I’ve read this once so far, sitting serving on a Grand Jury during the government shutdown. I wasn’t that impressed at the time but the concept has kept with me. Sure, it is in part because we are watching America simultaneously confront and celebrate its Shadow self. Watching grown men punch teenagers in the face for asking that they wear a mask, racist vigilantes condoned on network television, children dying in cages, and large aspects of our democracy dismantled.

It will be a while before I can come back to this book objectively, if ever, through no fault of its own.

Under the Green Star DAW #30

Burroughsian. I tend to use the term for two different currents of thought. Here we mean it for Edgar Rice, and not William S.

Lin Carter was a huge fan of Burroughsian heroic adventure. There are countless imitators of ERB. Lin Carter, at his best, can be judged against the master.

The premise is simple. Our crippled yet wealthy protagonist learns soul-casting or astral travel from Eckanar and an ancient Tibetan tome.

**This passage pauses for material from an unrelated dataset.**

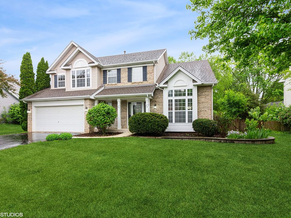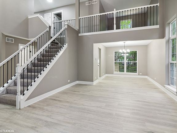 Beautifully renovated Two-Story Home with Bonus Loft and Brand-New Deck! Located in a sought-after community, this 3BR/2.5BA residence enchants with gorgeous exterior brick accents, professional landscaping, and beautiful mature trees. Completely remodeled from top-to-bottom, the professionally painted interior features vaulted ceilings, modern luxury laminate floors (1st level), custom staircase with wrought iron spindles, elegant built-ins, and an eat-in gourmet kitchen with brand-new stainless-steel Samsung appliances, quartz counters, and custom cabinets. Ideal for entertaining, the fenced-in backyard delights with a huge brand-new deck and greenspace. Restfully relax in the oversized primary bedroom, which has a walk-in closet and amazing en suite. Two additional bedrooms wonderfully accommodate, while the large loft overlooking the living area provides desirable flex space. Other features: 2-car garage, laundry area, near shops, schools, and parks, and more! Owner is IL licensed Realtor.

Let’s clear up the term Eckanar. This is a New-Age religion founded in 1965 by Paul Twitchell. The religion does teach that the Soul, or True Self, is able to separate from the body and travel across planes of existence in order to reach and conjoin with G*d. The term itself, according to the church, is to be translated Co-worker with G*d, which is the stated aim of their spiritual practice. It is not necessarily a “science of soul-travel”, as I’ve seen in many reviews and blurbs about this book. Another example of sloppy scholarship gaining a life of its own.

Lin Carter wasn’t the best writer, his quality varies. This sword-and-planet novel has thick, flowery prose, which I enjoy but is certainly not to universal taste. My next read of this I will pick out all the fun vocabulary words to share.

There are heroic ‘elven-esque’ warriors, fierce giant sized monsters, a shifty adversary, and stunningly beautiful women. One of these women is a strong bandit queen, another … well this is where it gets a bit problematic.

The love interest is a 14 year old princess. “She was young, a girl, a mere child: she looked perhaps fourteen when I saw her first in the Great Hall of Phaolon.” Later, Lin skirts around the age issue, pontificating on how the Green Star society doesn’t measure time like we do and not actually coming out and stating the princess’s age. She is very definitely described to look like a young adolescent. The word ‘lithe’ is thrown around a lot.

This pretty much ruined the re-read for me. My exploration into an inner bibliography has let me re-examine so many of the tropes that shaped me and all these ‘lithe’ love interests and ‘swarthy shifty’ bad guys are indicative on why ridding myself of this type of thinking is an on-going struggle.

All said and done, this a great example of the flawed (E.R.) Burroughsian tradition, warts and all.